The primary goal of this study was to identify commonly modulated pathways among biosimilar and innovator G-CSF in ADSC. Microarray-based gene expression profiling was performed on cell samples isolated from the same individuals (n = 3), after 6 hours of treatment with biosimilar or innovator G-CSFs and their corresponding untreated counterpart samples used as controls. First, we performed an evaluation of gene expression profiles associated with biosimilar and innovator G-CSF treatments, to identify the most representative differentially expressed transcripts for each drug. Second, we compared the biosimilar and innovator G-CSF gene expression signatures, to identify the commonly modulated transcripts by both drugs. Third, functional enrichment analysis was performed to detect the G-CSF-modulated pathways in ADSC.

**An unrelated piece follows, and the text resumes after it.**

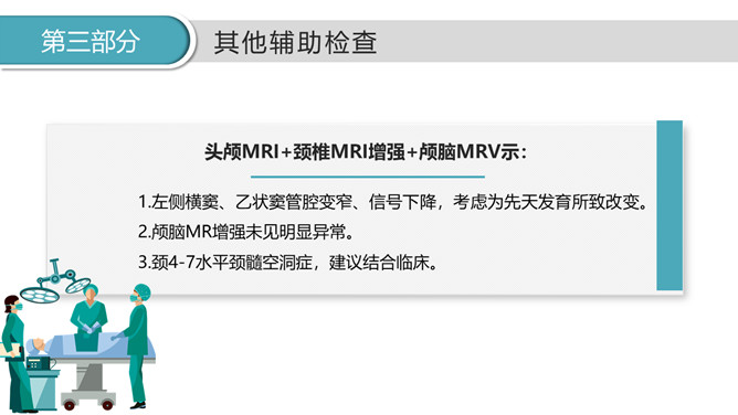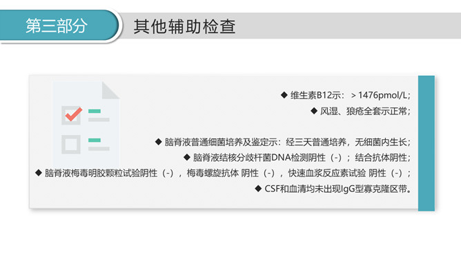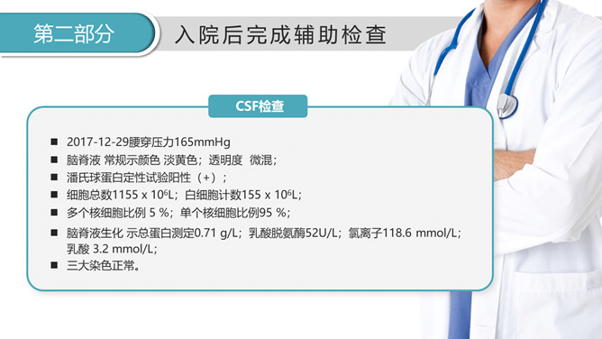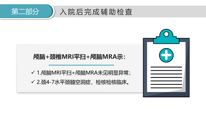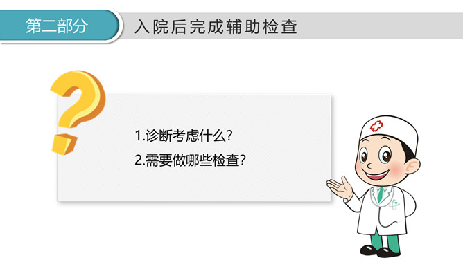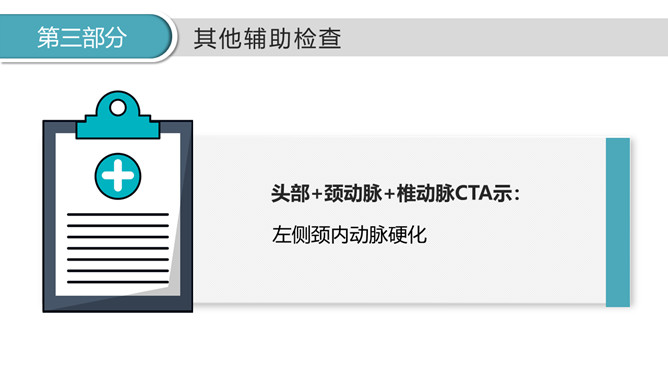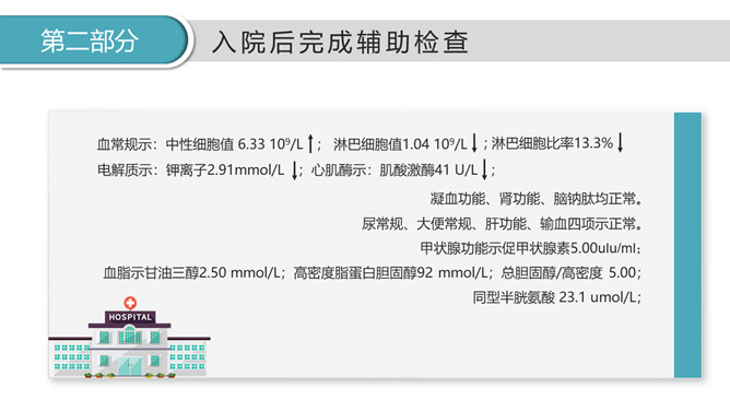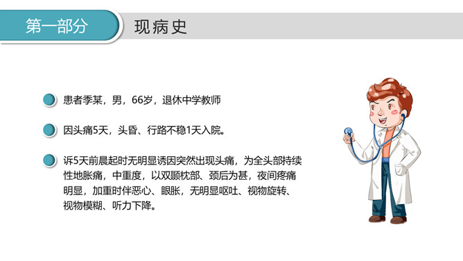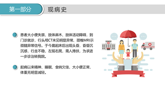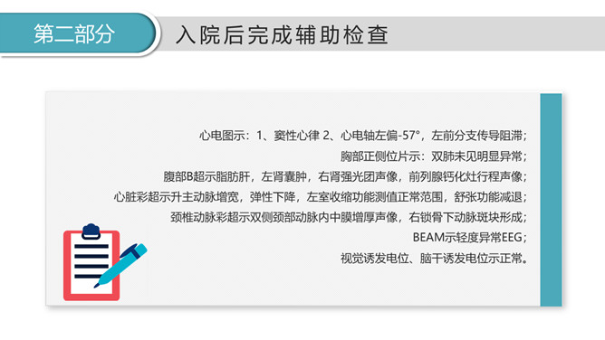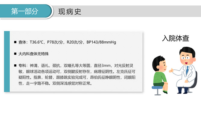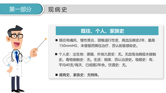 医师治疗病例剖析PPT模板。一套通用医疗幻灯片模板,包括现病史、入院后完结辅佐查看、其他辅佐查看等内容。

This statistical analysis revealed 458 commonly differentially expressed transcripts across biosimilar and innovator G-CSF (fold change ≥ 1.5; q < 0.05). Among the 458 transcripts, 152 were upmodulated and 306 were downmodulated transcripts in G-CSF treatments (Figures 2(a) and 2(b)). The most commonly overexpressed transcripts in G-CSF treatments were CDKN1C, CYP1B1, SLC40A1, HTR2B, and DEPTOR, and the most commonly downexpressed were NEFM, PODXL, KRT34, IL33, and KRTAP2-3. Functional enrichment analysis of commonly deregulated transcripts revealed bioprocess associated with innate immune response, differentiation, and PI3K and MAPK signaling pathways (p value < 0.001) as well as cell migration and cell adhesion (p value < 0.001) (Figure 2(c) and Supplementary Tables 1 and 2).

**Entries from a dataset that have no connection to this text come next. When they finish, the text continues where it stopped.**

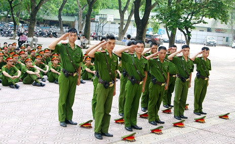 Đội tuyển CAP Giảng Võ với động tác đặt mũ chào bên phải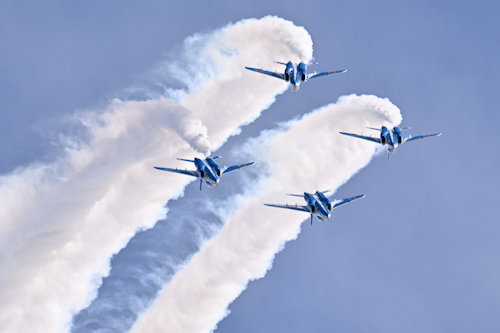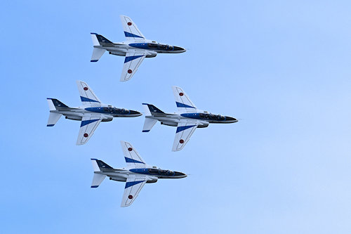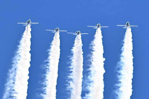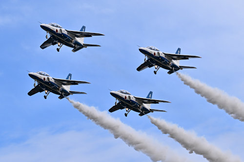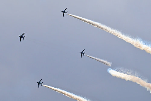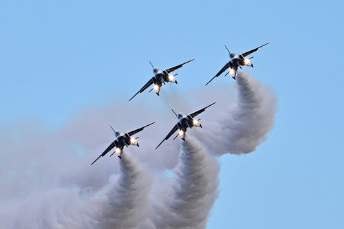 頭上を通過する頃にはスモークをカットします。4機のダイアモンド編隊をクリーンな状態で至近距離から撮影できます。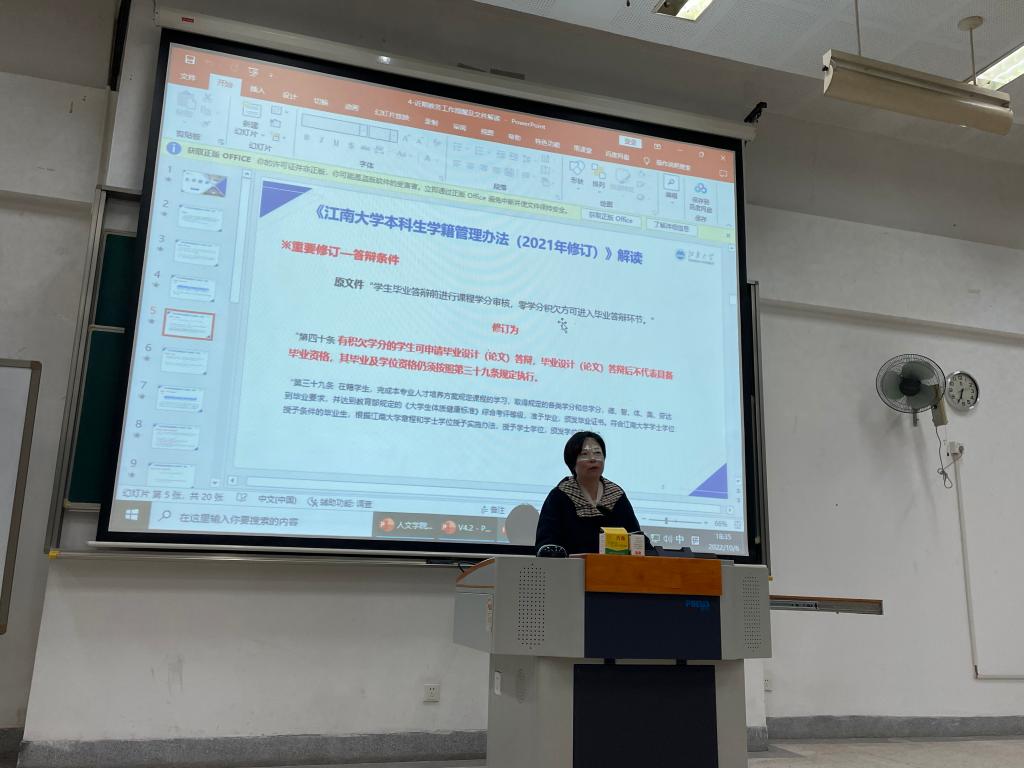 本科生学籍管理办法(2021年修订)》,着重解释了学籍管理办法中新修订的部分,强调了新生选课、选专业方向过程中的注意事项等。李芳表示修满学分是四年学习生涯中最基础的要求,同学们要时刻关注自己的学籍注册以及选课情况,以在规定时间内顺利达到毕业条件。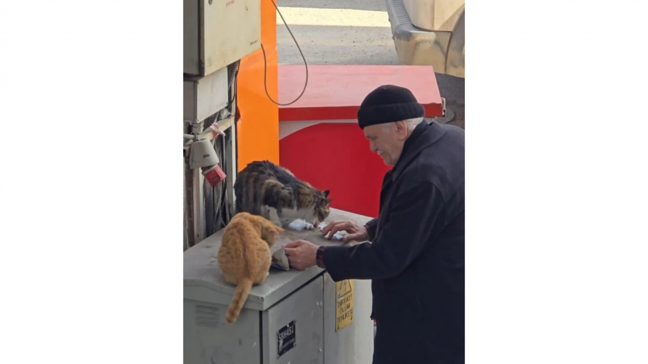 Sürekli sokak kedileri için mama aldığı öğrenilen yaşlı adamın sokak hayvanlarına gösterdiği şefkat ve duyarlılık, izleyenlere yüreklerini ısıttı.

The commonly modulated bioprocess associated with the rhG-CSF treatment of ADSCs can be grouped into two groups: (i) upstream events of G-CSF treatment including crosstalk among MAPK signaling, JAK-STAT and Wnt signaling, and Hippo pathway, which are related to proliferation and cell differentiation and (ii) downstream effects including regulation of the actin cytoskeleton and cell mobilization (Figure 3).

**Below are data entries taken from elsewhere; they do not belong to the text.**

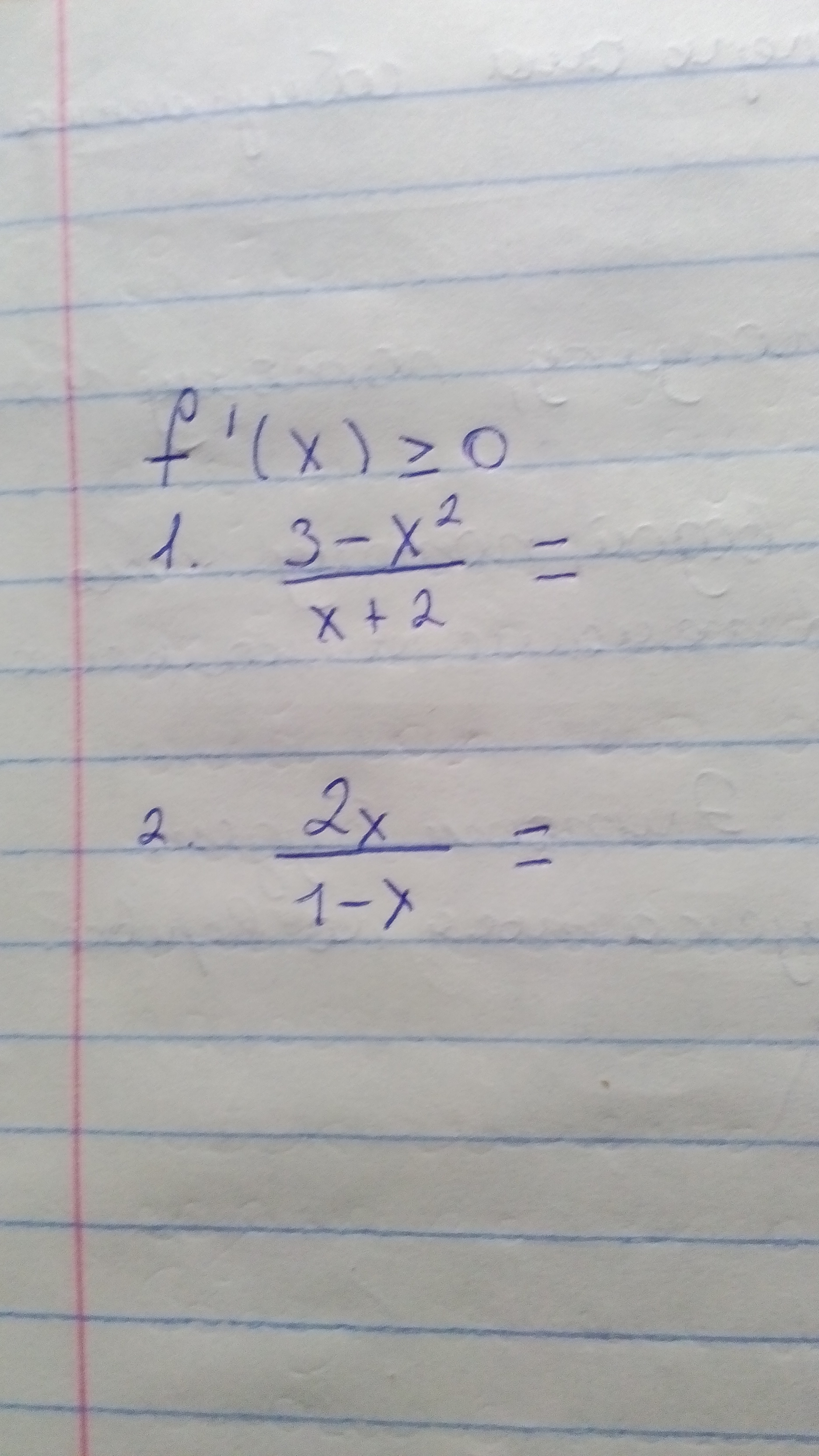 1) ((3-х²)/(х +2))' ≥ 0
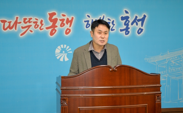 11일 홍성군청 행정홍보지원실에서 진행된 군정홍보 브리핑을 통해 오성환 경제문화농업국장은 소상공인 경영정상화 자금 지원, 소상공인 특례보증의 지원 확대, 지역사랑상품권의 할인정책 변경에 대해 상세히 설명했다.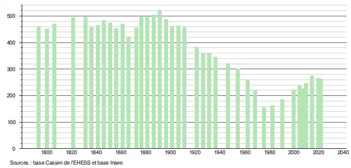 L'évolution du nombre d'habitants est connue à travers les recensements de la population effectués dans la commune depuis 1793. Pour les communes de moins de 10 000 habitants, une enquête de recensement portant sur toute la population est réalisée tous les cinq ans, les populations légales des années intermédiaires étant quant à elles estimées par interpolation ou extrapolation[17]. Pour la commune, le premier recensement exhaustif entrant dans le cadre du nouveau dispositif a été réalisé en 2004[18].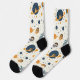 A white pattern-based sock design with space themed drawings. Great for cozy moments and sci-fi lovers.

We selected genes for transcription factors playing a key role in ADSC cell cycle regulation: HDAC2 and CCND1 (p = 0.03) and JAK-STAT pathway CCND1 and STAT1 (p = 0.04). These transcription factors were found significantly upregulated in rhG-CSF-treated cells. This finding might be due to a direct transcriptional activation by the drugs on ADSCs.